Let's start by creating a new synset. 

In [1]:
from synset import Synset

synset = Synset("id")

Now that the synset has been created, we can assign some values to its parameters.

In [2]:
synset.defition = "Asta este o definitie"
synset.pos = Synset.Pos.NOUN

(parameter 'pos' has been assigned an enumeration value from 'Synset.Pos'(NOUN, VERB, ADVERB, ADJECTIVE))

We can add a literal(word) to the synset.

In [3]:
literal = "leu"
synset.add_literal(literal)
print("This synset has {} literals".format(len(synset.literals)))

This synset has 1 literals


We can observe that the literal has been sucesfully added to the synset. Now let's try to remove it.

In [4]:
synset.remove_literal(literal)
print("This synset has {} literals".format(len(synset.literals)))

This synset has 0 literals


We can also add more literals at once.

In [5]:
literals = ['lup', 'oaie', 'cal']
synset.literals = literals
print("This synset has {} literals".format(len(synset.literals)))

This synset has 3 literals


Now let's create a wordnet.

In [6]:
from wordnet import WordNet

wordnet = WordNet()

We can also create a wordnet by loading it from a desired file. We have to specify the file path and whether the file is in xml or binary format(the default is binary).

In [7]:
# create a wordnet from a binary file
wordnet = WordNet("resources/binary_wn.pck", xml=False)

# create a wordnet from an xml file
wordnet = WordNet("resources/xml_wn.xml", xml=True)

We can save the wordnet in xml or binary format.

In [8]:
# save the wordnet in binary format
wordnet.save("resources/save_binary_wn.pck", xml=False)

# save the wordnet in xml format
wordnet.save("resources/save_xml_wn.pck", xml=True)

Every wordnet has a set of synsets that have relations between them. Let's get these synsets.

In [9]:
synset_ids = wordnet.synsets()
print("This worndet has {} synsets".format(len(synset_ids)))

This worndet has 59348 synsets


We can get only the synsets that contain a literal(word).

In [10]:
literal = "cal"
synset_ids_for_literal = wordnet.synsets(literal)
print("This wordnet has {} synsets containing literal '{}'".format(len(synset_ids_for_literal), literal))

This wordnet has 6 synsets containing literal 'cal'


Every synset has a set of synsets that it has relations with. Let's get those synsets.

In [11]:
# get the first synset id in list
synset_id = wordnet.synsets()[0]
adjacent_synset_ids = wordnet.adjacent_synsets(synset_id)
print("List of adjacent synsets for synset with id {}: {}".format(synset_id, adjacent_synset_ids))

List of adjacent synsets for synset with id ENG30-00006269-n: ['ENG30-00004258-n', 'ENG30-07993776-n']

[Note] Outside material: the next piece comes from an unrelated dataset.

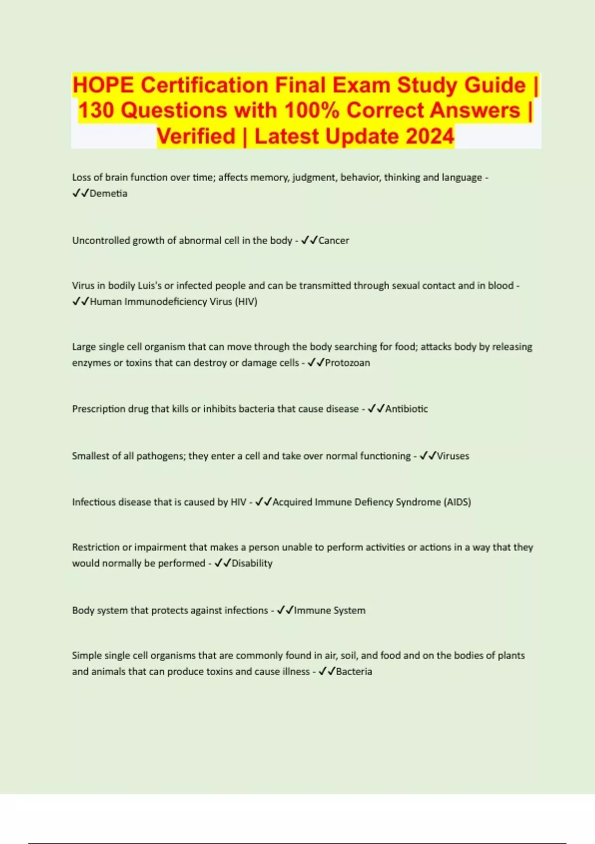 HOPE Certification Final Exam Study Guide | 130 Questions with 100% Correct Answers | Verified | Latest Update 2024

When we first created our first synset, we gave it the following id: "id". This isn't very good practice though, because synset ids must be unique. Wordnet has a build in function that will generate an id for you. You can also specify a prefix and a suffix for the desired id.

In [12]:
# generate id with default prefix and suffix
new_id = wordnet.generate_synset_id()

#generate id with custom prefix and suffix
prefix = "ENG31-"
suffix = "-v"
new_id_with_custom_prefix_suffix = wordnet.generate_synset_id(prefix=prefix, suffix=suffix)
print("Generated id with default prefix and suffix: {}".format(new_id))
print("Generated id with custom prefix '{}' and suffix '{}': {}".format(prefix, suffix, new_id_with_custom_prefix_suffix))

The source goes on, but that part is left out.